We could say that the challenge of making cities livable today is similar to the challenges of 1980s cell phones. Our successes, though individually impressive, still represent a small niche—perhaps a few percent of all settlements—and they're often not competitive against garden-variety sprawl, or economically viable in dysfunctional inner-city areas. Why is this still the case? What can we do about it?


First, consider almost any example of modern development -- most common, say, in a sprawling suburban neighborhood. All of the elements are plug-and-play modules that can be dropped in almost anywhere. The big box, the fast food pad, the garden apartment, the housing six-pack—they can work anywhere in the USA or increasingly, globally. Their cookie-cutter aesthetics is standardized too, often making their design approvals standard and rapid.


But that’s only the beginning of the story. Also standardized are their technical specifications, regulatory approvals, financing structures, and design systems from building to operations, allowing great economies of standardization and scale. McDonalds—love them or hate them—created a marvel of standardized, low-cost production, not only in their food products but in their buildings, and their kit-of-parts franchise system. 

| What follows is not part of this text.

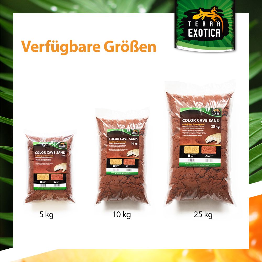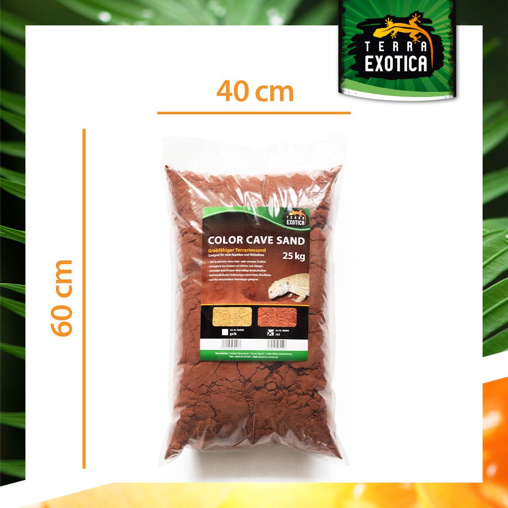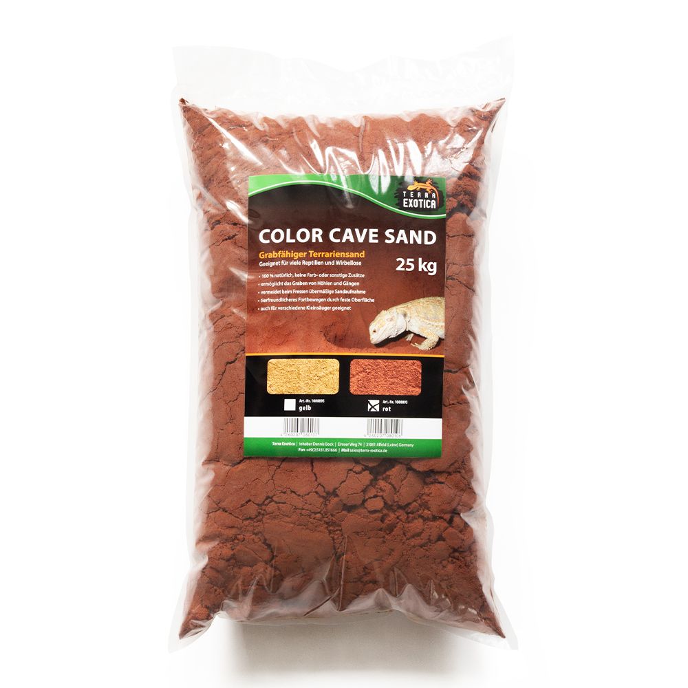 Der Terra Exotica Color Cave Sand – Rot ist ein 100 % natürliches Substrat, das speziell für grabende Reptilien, Wirbellose und Kleinsäuger entwickelt wurde. Ohne Farb- oder Zusatzstoffe ermöglicht der Sand das Anlegen von Höhlen, Gängen und Gräben, wodurch das natürliche Grabverhalten der Tiere gefördert wird.
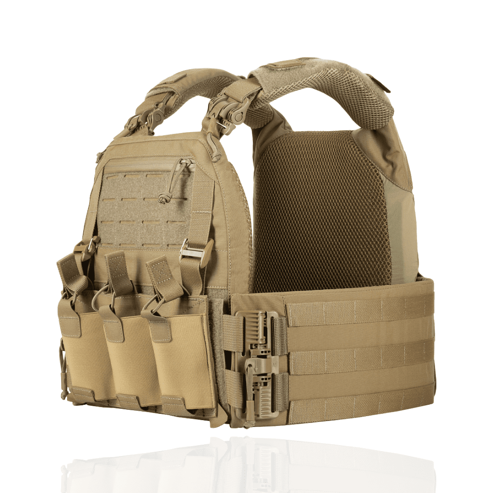 Даний елемент спорядження комплектується балістичним пакетом, призначеним для захисту від рикошетів та уламків.  Виготовлений з надвисокомолекулярного поліетилену (НВМПЕ) та відповідає STANAG 2920 з показником протиуламкової стійкості V-50 близько 580м/с.

We might conclude that these economies of scale and standardization are just destructive forces that we must reject. In their extremes, they certainly are destructive, and unsustainable. But there are two problems with the idea of rejecting them wholesale. First, at this point in history at least, these economies are what makes the world go around, and any hope of changing things has to recognize the necessity to compete with them. 


But second, and more fundamentally, economies of scale and standardization are not pathological human characteristics, except in their extremes. Fundamentally they are properties that are abundant in natural systems, including sustainable ones. Think of the billions of near-identical seeds made by plant species (economies of scale), or the limited genetic codes that generate them from just four chemicals (economies of standardization), for example. 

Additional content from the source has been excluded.